THE PROBLEM: Beginning with the line that holds "After connecting the" and finishing with the line that holds "Selenite Charging Disc", repeat the listing exactly, leaving every picture out.

RECORD EXTRACTS:
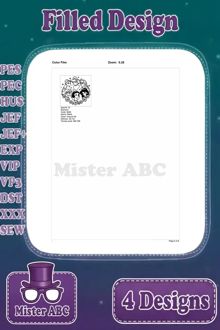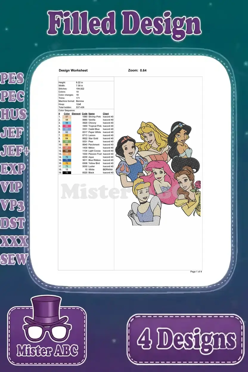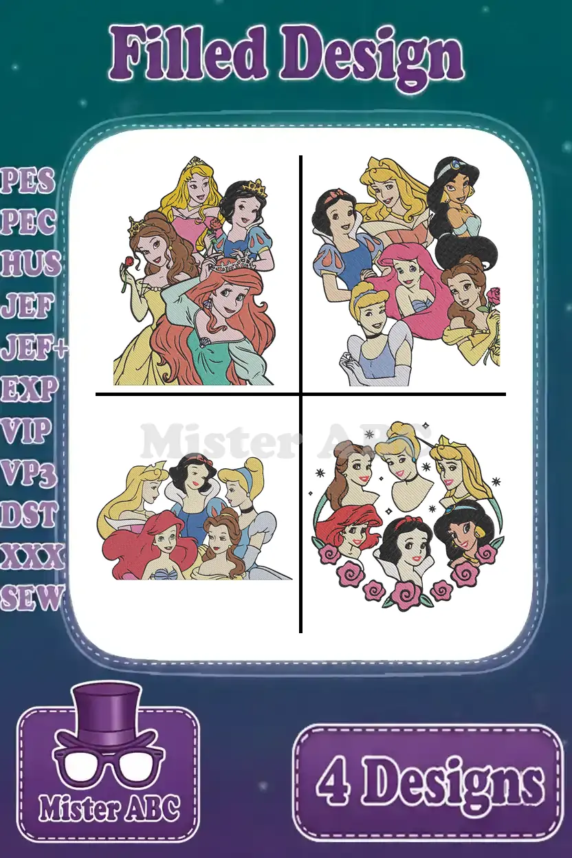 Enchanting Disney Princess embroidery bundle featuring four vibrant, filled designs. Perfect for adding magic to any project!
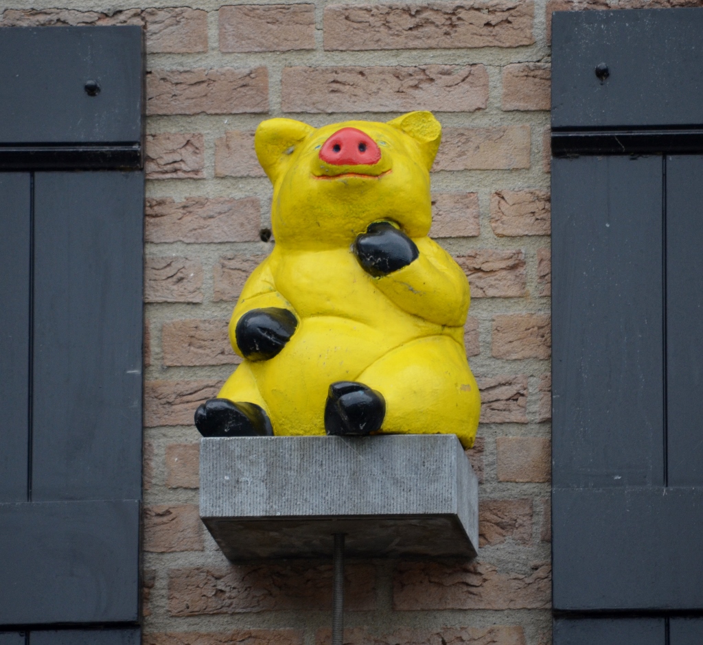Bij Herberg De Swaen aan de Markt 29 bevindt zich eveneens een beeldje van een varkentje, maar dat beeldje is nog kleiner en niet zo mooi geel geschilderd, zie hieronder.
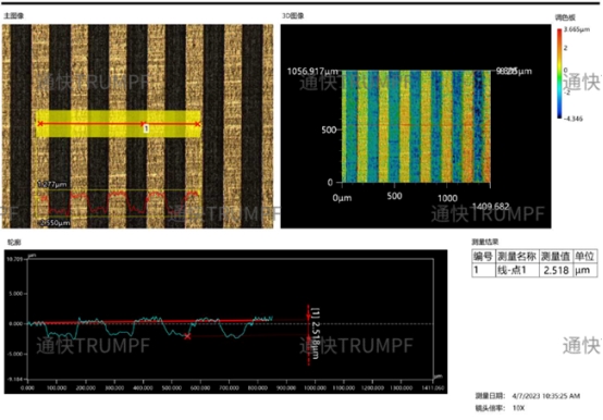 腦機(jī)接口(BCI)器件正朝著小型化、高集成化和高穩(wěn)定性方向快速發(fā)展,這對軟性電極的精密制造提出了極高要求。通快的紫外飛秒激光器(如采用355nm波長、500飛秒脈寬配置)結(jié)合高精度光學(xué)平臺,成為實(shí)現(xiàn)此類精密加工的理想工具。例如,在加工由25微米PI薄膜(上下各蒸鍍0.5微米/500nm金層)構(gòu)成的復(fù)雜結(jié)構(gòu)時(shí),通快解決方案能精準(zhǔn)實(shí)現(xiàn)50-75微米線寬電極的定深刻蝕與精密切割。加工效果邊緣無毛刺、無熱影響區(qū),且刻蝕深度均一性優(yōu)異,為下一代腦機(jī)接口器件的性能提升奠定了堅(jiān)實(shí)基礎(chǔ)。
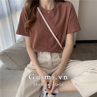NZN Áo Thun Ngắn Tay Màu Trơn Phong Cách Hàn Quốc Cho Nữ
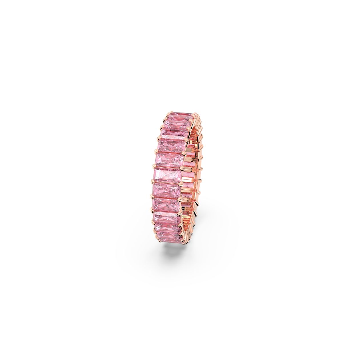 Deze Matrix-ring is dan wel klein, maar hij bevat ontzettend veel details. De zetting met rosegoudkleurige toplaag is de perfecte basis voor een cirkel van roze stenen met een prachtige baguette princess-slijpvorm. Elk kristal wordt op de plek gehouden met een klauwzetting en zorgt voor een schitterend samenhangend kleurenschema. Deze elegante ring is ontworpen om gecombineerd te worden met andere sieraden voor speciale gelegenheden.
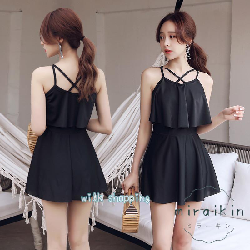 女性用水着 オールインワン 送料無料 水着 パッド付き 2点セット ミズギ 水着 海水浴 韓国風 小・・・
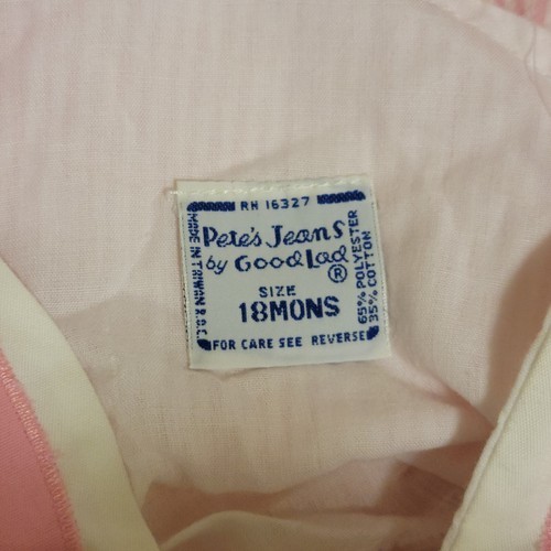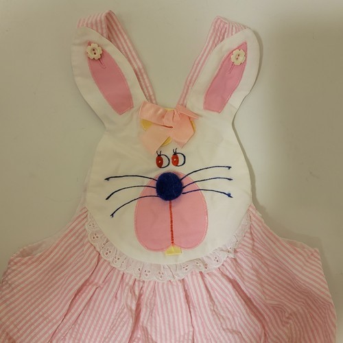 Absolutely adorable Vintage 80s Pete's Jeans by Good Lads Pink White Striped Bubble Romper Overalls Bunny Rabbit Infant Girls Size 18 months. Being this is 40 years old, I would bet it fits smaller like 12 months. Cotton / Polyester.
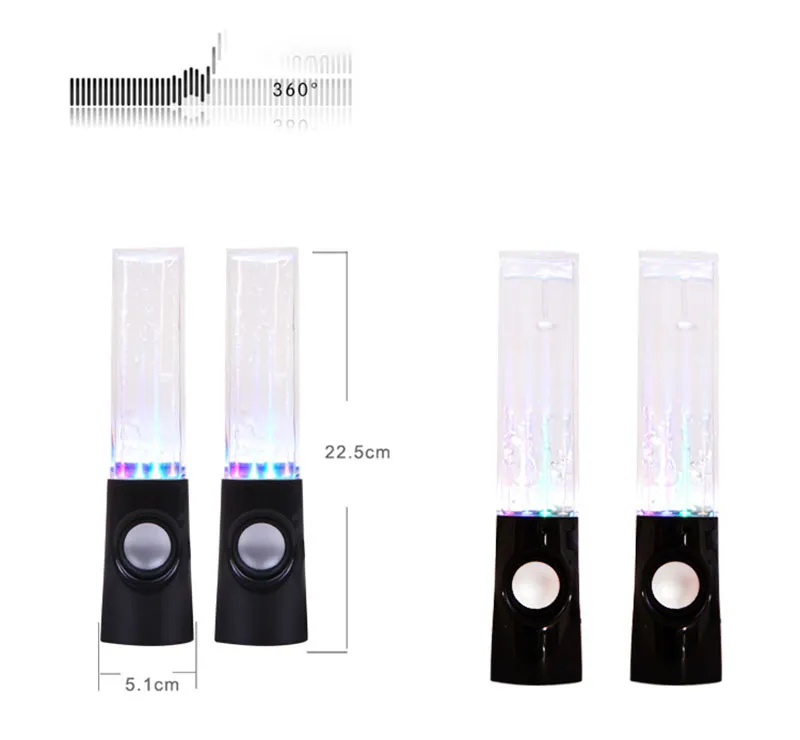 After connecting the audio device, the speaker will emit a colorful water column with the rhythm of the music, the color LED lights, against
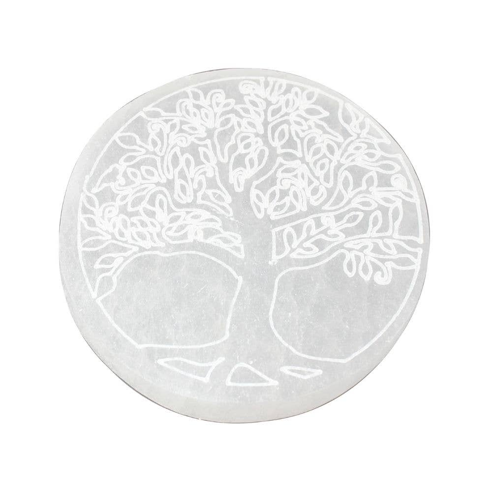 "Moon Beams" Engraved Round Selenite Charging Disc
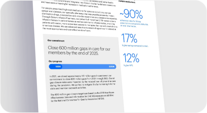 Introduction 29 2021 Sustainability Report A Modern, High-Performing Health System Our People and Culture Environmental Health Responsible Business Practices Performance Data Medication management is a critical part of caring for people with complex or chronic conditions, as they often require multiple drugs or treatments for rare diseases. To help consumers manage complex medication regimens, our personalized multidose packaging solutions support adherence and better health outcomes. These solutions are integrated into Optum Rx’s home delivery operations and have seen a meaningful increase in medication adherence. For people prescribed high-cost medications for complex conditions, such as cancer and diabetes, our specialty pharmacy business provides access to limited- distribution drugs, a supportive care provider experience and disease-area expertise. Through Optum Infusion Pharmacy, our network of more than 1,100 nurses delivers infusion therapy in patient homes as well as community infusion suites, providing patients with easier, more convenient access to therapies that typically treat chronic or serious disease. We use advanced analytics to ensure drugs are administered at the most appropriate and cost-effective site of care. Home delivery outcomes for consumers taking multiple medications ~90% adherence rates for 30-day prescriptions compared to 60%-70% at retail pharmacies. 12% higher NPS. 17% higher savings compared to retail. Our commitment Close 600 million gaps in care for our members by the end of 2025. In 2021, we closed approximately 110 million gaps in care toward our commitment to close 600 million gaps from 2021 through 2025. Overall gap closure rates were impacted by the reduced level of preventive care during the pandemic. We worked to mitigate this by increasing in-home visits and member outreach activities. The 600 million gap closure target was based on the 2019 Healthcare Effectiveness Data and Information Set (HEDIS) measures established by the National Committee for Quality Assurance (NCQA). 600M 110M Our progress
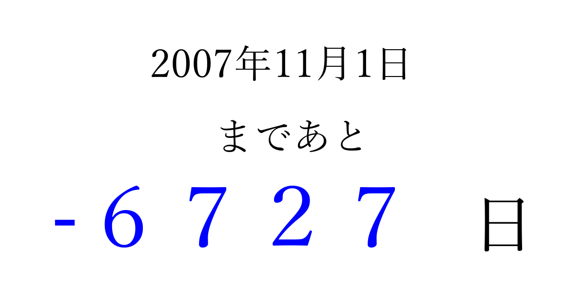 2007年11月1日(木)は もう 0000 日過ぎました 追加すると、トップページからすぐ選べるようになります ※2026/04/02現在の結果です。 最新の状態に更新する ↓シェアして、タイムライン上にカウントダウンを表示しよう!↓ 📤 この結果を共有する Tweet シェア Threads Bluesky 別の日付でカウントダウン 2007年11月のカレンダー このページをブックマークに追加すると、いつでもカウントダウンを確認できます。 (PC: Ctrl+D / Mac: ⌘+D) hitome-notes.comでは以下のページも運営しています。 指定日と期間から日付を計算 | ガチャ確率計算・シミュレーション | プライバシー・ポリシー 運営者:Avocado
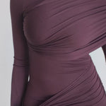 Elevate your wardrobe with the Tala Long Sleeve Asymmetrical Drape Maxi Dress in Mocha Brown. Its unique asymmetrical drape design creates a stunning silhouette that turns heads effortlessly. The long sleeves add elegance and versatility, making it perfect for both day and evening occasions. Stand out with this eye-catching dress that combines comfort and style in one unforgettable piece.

WRITTEN REPLY:
 After connecting the audio device, the speaker will emit a colorful water column with the rhythm of the music, the color LED lights, against
 "Moon Beams" Engraved Round Selenite Charging Disc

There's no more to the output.